Listed records:
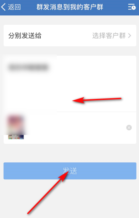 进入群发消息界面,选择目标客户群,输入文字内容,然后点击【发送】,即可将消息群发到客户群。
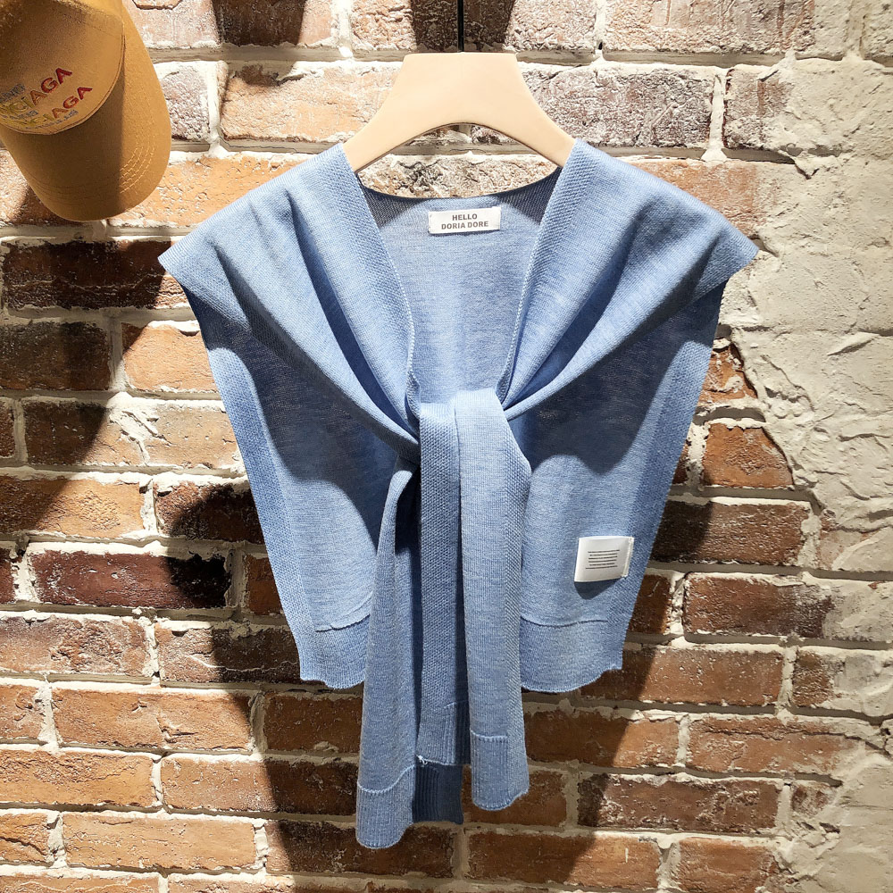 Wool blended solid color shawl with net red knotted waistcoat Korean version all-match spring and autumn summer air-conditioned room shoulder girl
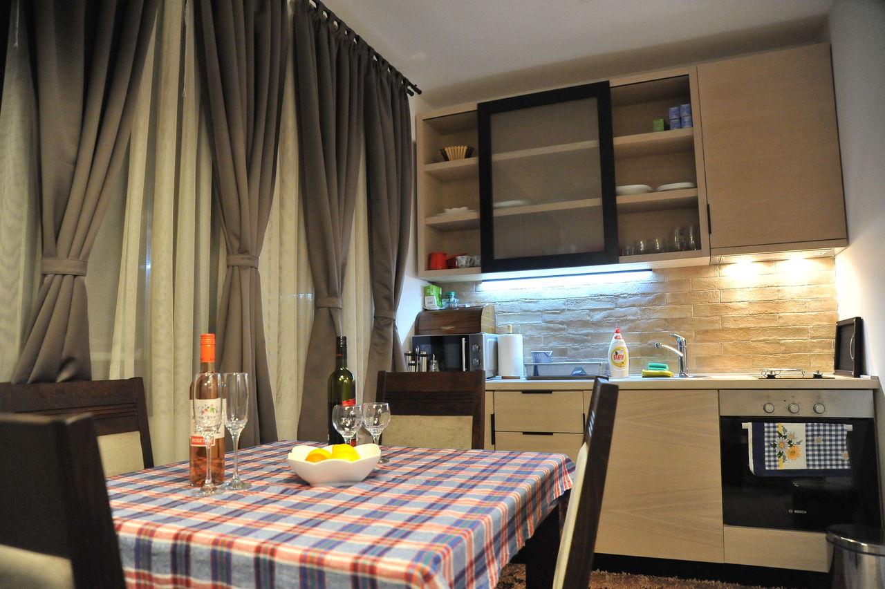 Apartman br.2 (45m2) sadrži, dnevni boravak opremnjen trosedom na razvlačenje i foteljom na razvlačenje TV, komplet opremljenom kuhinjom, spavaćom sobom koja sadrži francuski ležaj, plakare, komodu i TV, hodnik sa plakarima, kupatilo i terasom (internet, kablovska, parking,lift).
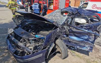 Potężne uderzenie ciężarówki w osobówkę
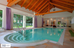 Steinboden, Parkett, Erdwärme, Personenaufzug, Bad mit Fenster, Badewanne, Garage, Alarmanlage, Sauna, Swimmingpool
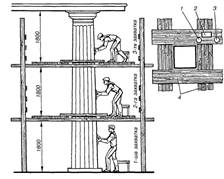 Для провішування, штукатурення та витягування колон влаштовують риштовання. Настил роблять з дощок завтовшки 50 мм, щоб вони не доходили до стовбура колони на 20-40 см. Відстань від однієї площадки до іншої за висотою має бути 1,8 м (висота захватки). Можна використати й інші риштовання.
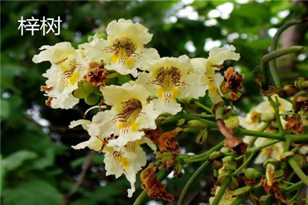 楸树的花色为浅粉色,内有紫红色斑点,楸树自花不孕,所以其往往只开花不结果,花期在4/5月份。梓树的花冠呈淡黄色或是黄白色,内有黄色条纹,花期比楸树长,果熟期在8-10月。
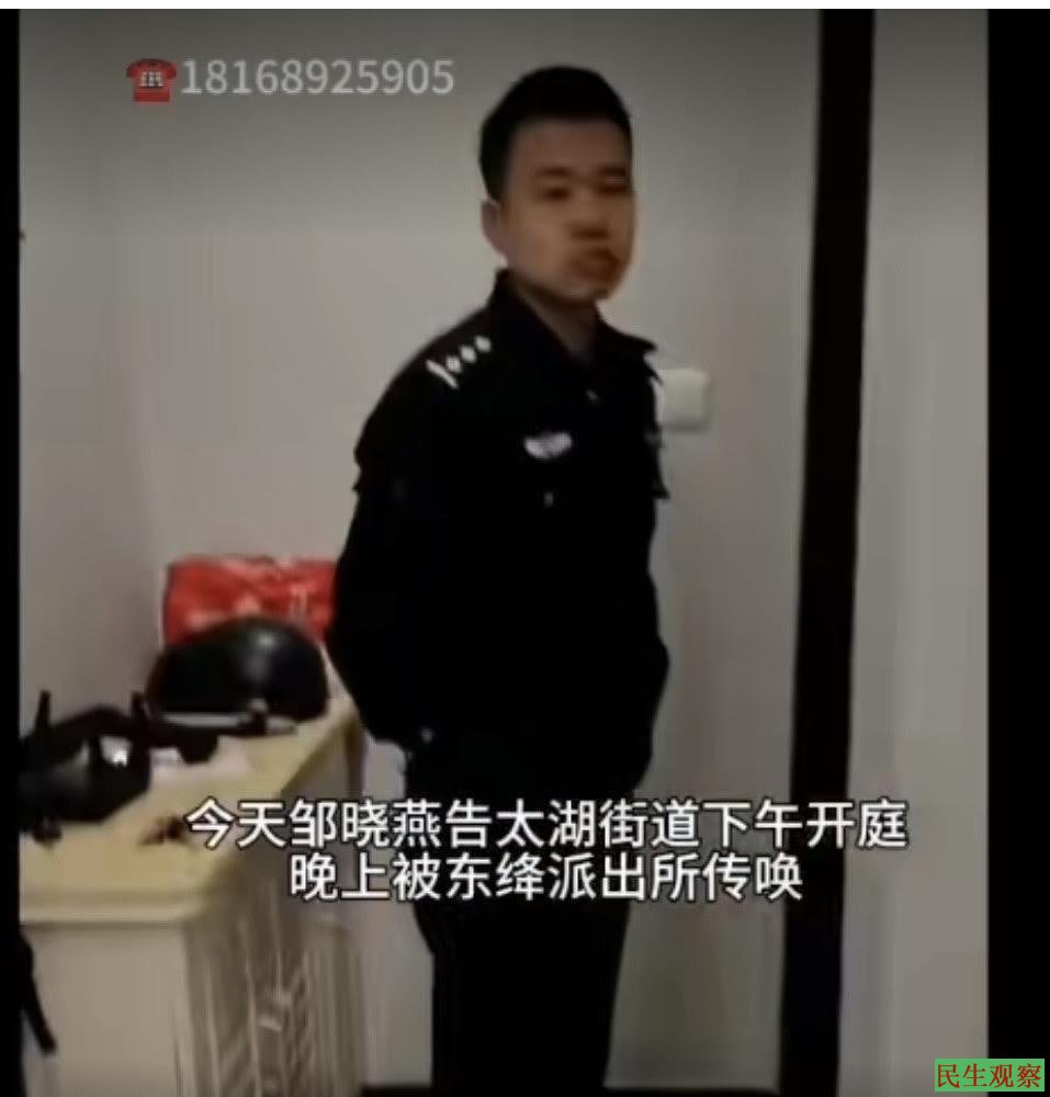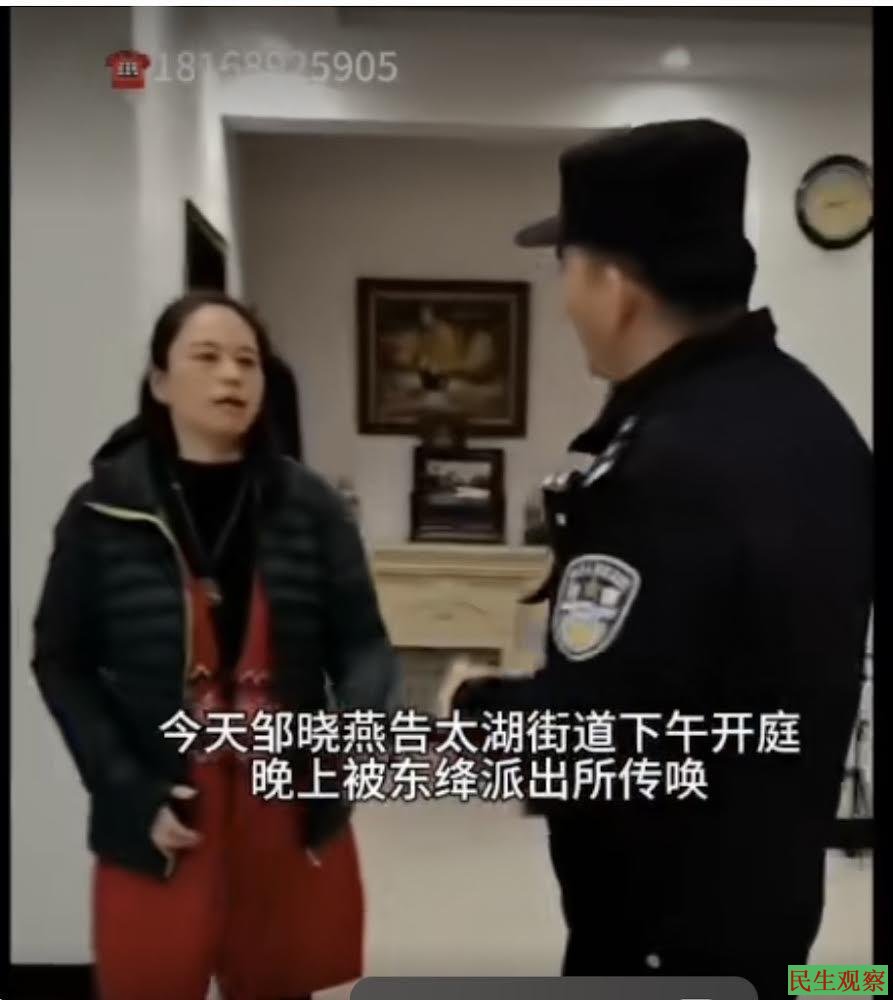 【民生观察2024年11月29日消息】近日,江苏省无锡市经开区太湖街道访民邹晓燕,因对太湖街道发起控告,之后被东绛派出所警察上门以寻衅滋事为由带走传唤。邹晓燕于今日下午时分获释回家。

What to do:
Please repeat the lines of the material above exactly, starting with the line that contains "Steinboden, Parkett, Erdwärme, Personenaufzug, Bad" and ending with the line that contains "楸树的花色为浅粉色,内有紫红". Leave the pictures out.

Result for this exercise:
 Steinboden, Parkett, Erdwärme, Personenaufzug, Bad mit Fenster, Badewanne, Garage, Alarmanlage, Sauna, Swimmingpool
 Для провішування, штукатурення та витягування колон влаштовують риштовання. Настил роблять з дощок завтовшки 50 мм, щоб вони не доходили до стовбура колони на 20-40 см. Відстань від однієї площадки до іншої за висотою має бути 1,8 м (висота захватки). Можна використати й інші риштовання.
 楸树的花色为浅粉色,内有紫红色斑点,楸树自花不孕,所以其往往只开花不结果,花期在4/5月份。梓树的花冠呈淡黄色或是黄白色,内有黄色条纹,花期比楸树长,果熟期在8-10月。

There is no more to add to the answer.